Instructions to follow:
Beginning with the line of the entries below that holds "Το Κατάρ και" and ending with the line that holds "Необычные обручальные кольца", transcribe each line exactly as written. Pictures stay out.

Data extract:
□ □ □ □

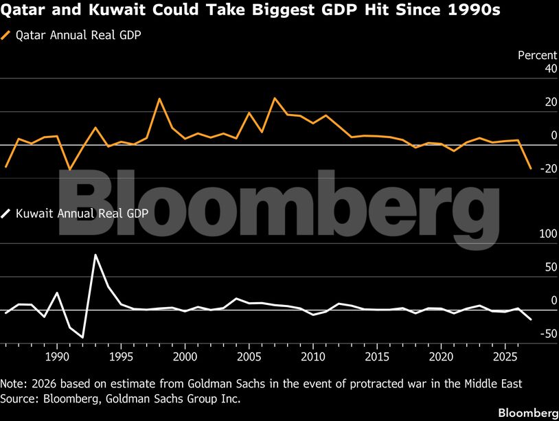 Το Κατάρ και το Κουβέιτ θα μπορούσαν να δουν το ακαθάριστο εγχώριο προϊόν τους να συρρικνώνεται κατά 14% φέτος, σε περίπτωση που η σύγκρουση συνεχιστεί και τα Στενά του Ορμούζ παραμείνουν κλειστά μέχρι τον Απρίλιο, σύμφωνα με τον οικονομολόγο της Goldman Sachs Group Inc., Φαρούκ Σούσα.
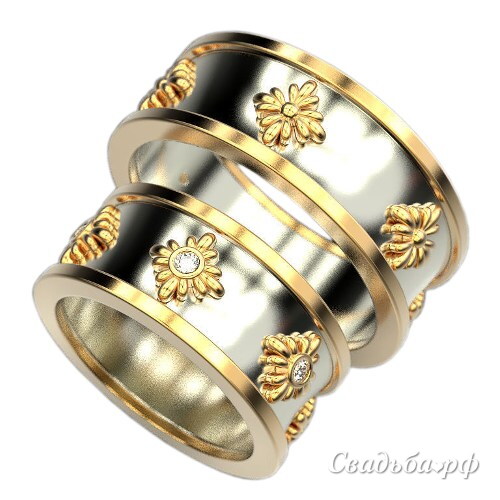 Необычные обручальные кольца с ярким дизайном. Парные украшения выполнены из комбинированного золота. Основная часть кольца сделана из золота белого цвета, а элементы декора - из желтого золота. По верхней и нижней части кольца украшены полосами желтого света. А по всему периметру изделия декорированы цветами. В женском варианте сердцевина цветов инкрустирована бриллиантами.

□ □ □ □

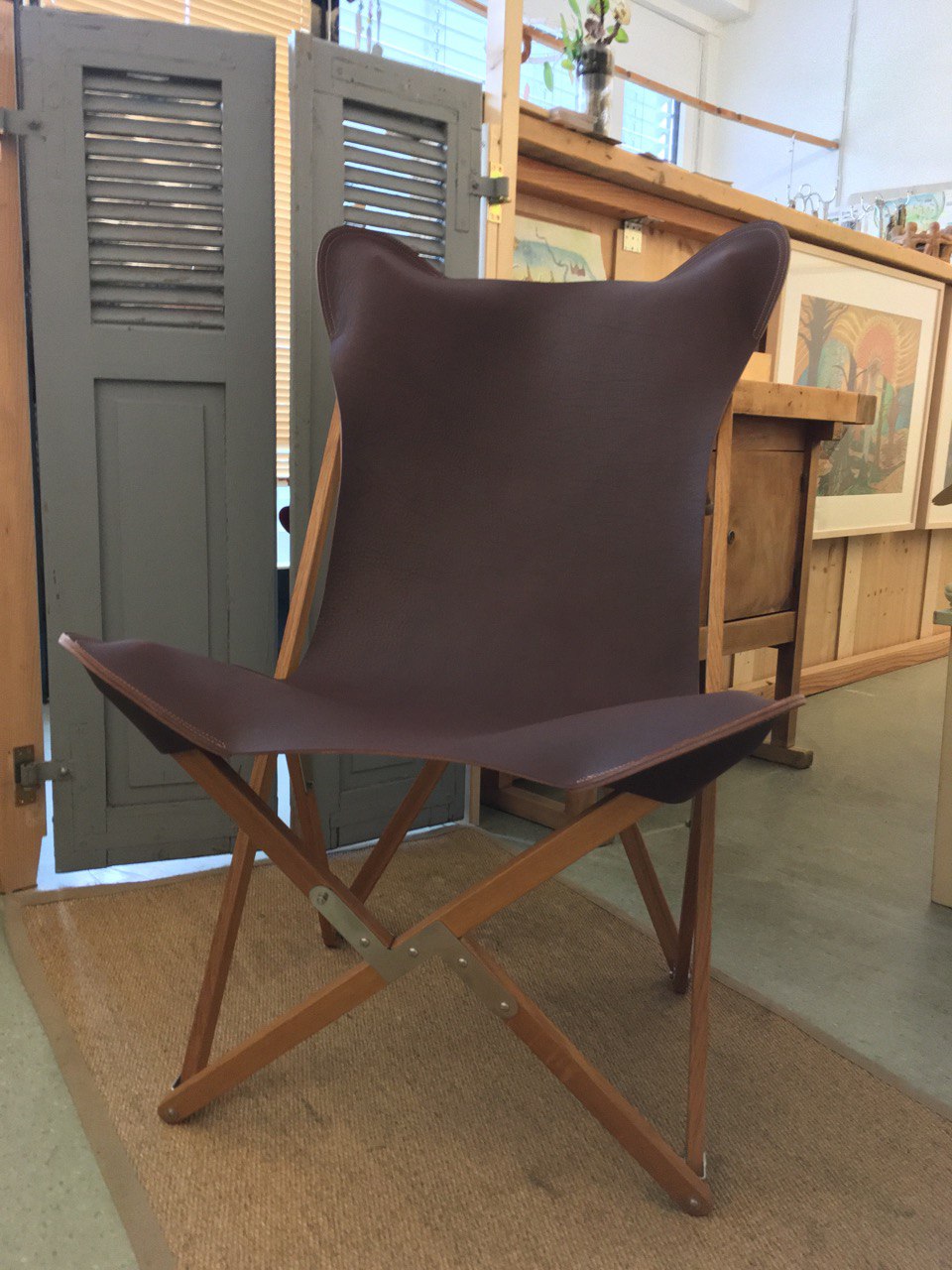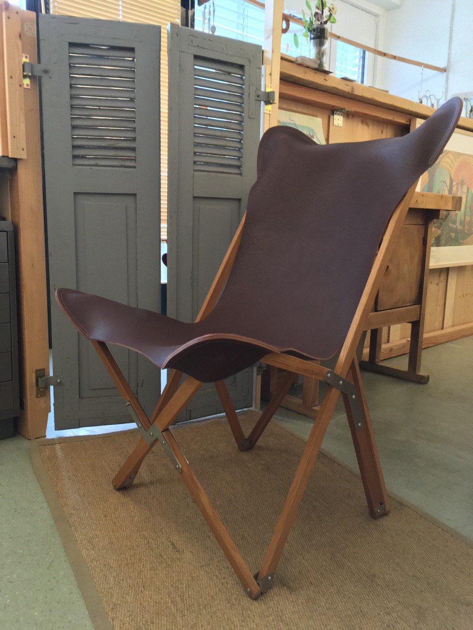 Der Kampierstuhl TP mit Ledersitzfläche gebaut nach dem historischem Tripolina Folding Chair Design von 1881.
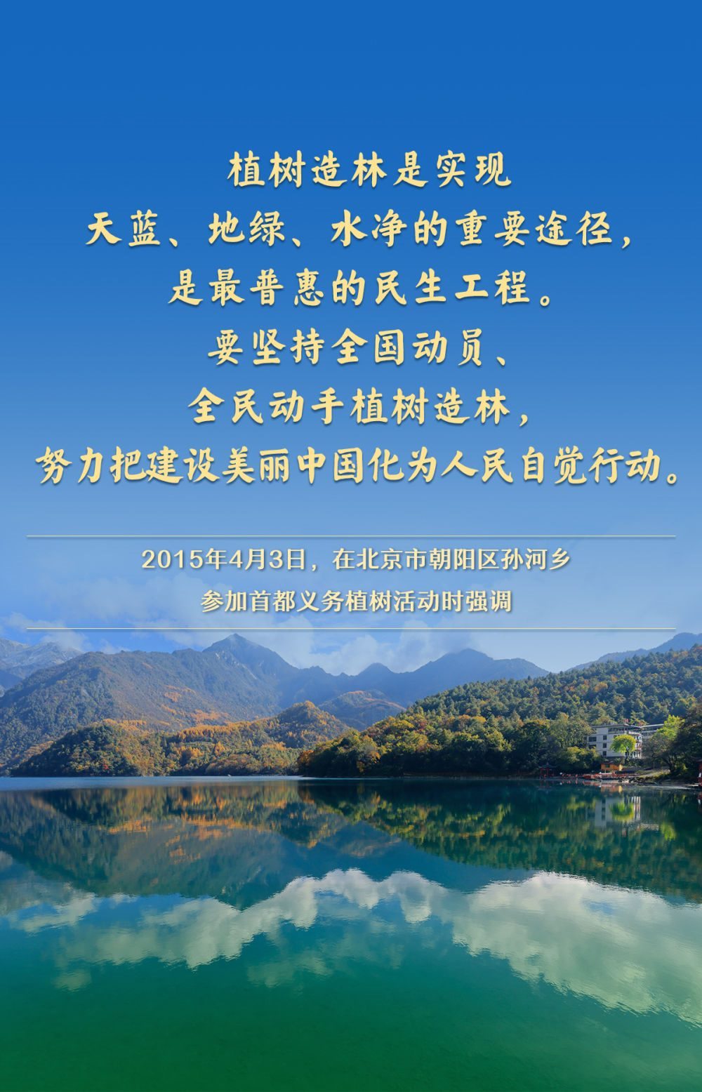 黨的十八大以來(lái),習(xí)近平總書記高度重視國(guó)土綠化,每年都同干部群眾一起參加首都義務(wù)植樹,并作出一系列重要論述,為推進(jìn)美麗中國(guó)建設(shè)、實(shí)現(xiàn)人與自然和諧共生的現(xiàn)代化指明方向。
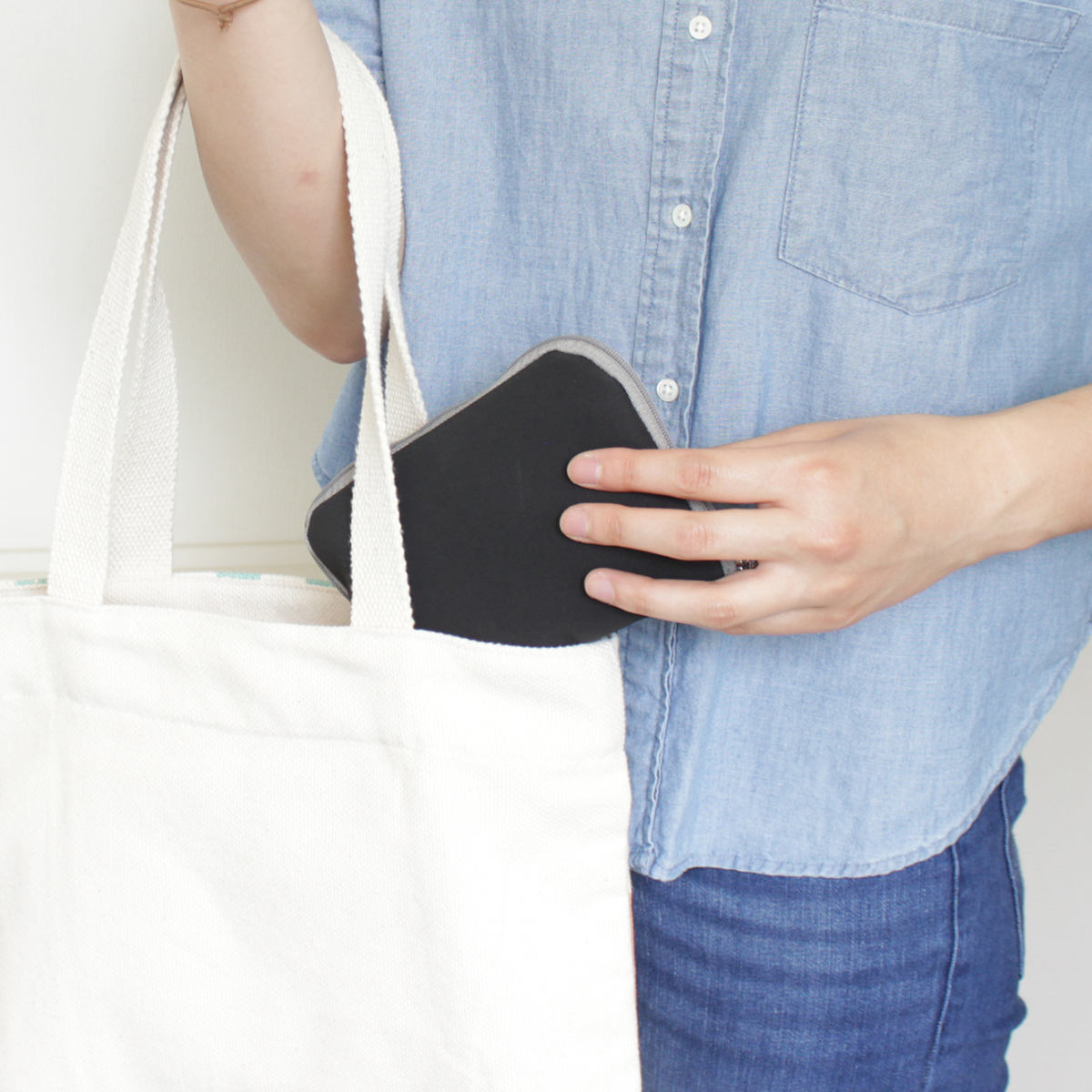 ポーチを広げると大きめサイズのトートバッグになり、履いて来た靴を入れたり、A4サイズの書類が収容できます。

□ □ □ □

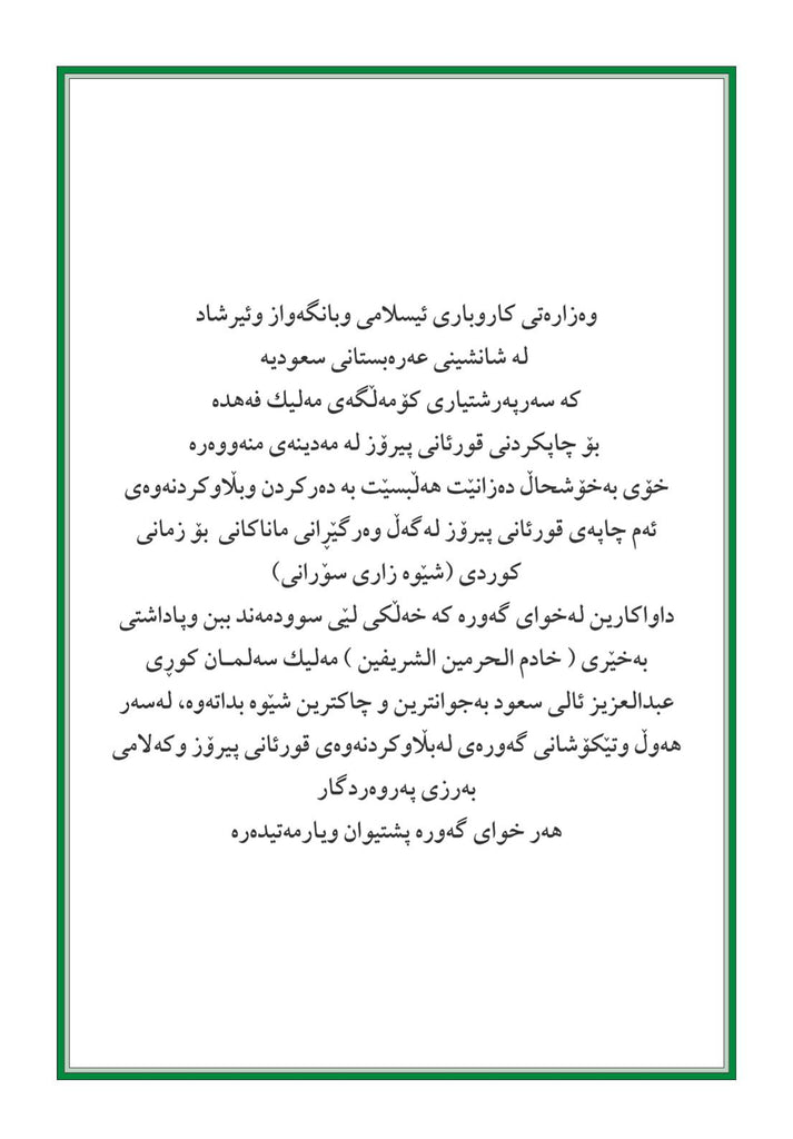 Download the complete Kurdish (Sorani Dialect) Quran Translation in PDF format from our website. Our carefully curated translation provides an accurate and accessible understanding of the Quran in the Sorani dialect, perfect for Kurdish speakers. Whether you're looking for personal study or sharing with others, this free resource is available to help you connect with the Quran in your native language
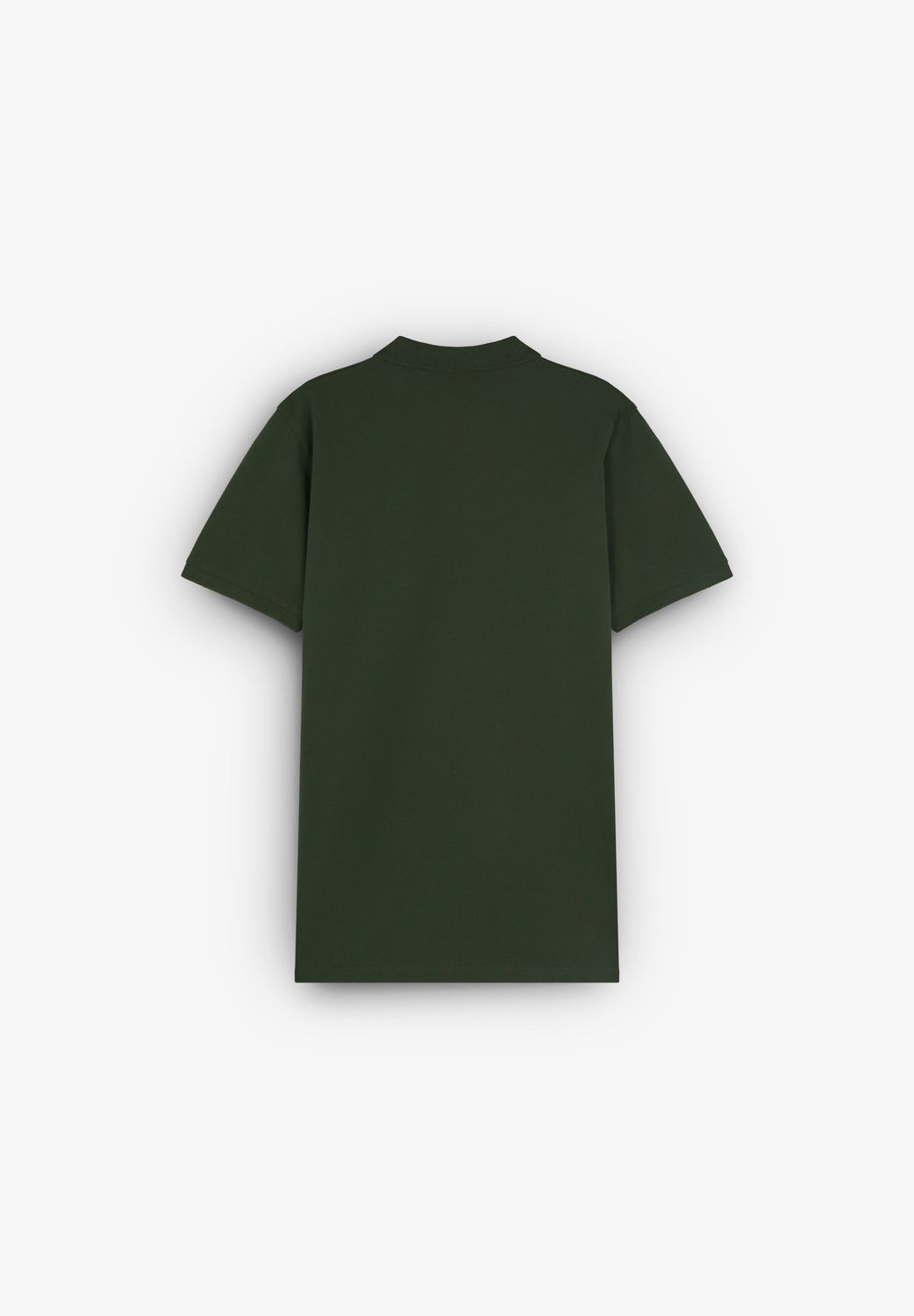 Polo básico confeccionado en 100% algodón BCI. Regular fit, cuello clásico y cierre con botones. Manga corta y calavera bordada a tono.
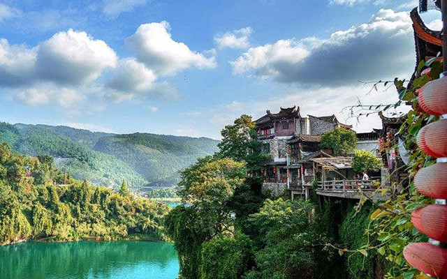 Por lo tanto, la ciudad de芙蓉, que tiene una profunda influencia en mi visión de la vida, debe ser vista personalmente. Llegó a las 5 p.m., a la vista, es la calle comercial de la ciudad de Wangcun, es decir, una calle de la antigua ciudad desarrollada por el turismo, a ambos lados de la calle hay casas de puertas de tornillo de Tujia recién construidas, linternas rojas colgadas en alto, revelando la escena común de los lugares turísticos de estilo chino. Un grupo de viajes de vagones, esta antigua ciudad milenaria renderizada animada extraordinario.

□ □ □ □

Exercise solution:
 Το Κατάρ και το Κουβέιτ θα μπορούσαν να δουν το ακαθάριστο εγχώριο προϊόν τους να συρρικνώνεται κατά 14% φέτος, σε περίπτωση που η σύγκρουση συνεχιστεί και τα Στενά του Ορμούζ παραμείνουν κλειστά μέχρι τον Απρίλιο, σύμφωνα με τον οικονομολόγο της Goldman Sachs Group Inc., Φαρούκ Σούσα.
 Необычные обручальные кольца с ярким дизайном. Парные украшения выполнены из комбинированного золота. Основная часть кольца сделана из золота белого цвета, а элементы декора - из желтого золота. По верхней и нижней части кольца украшены полосами желтого света. А по всему периметру изделия декорированы цветами. В женском варианте сердцевина цветов инкрустирована бриллиантами.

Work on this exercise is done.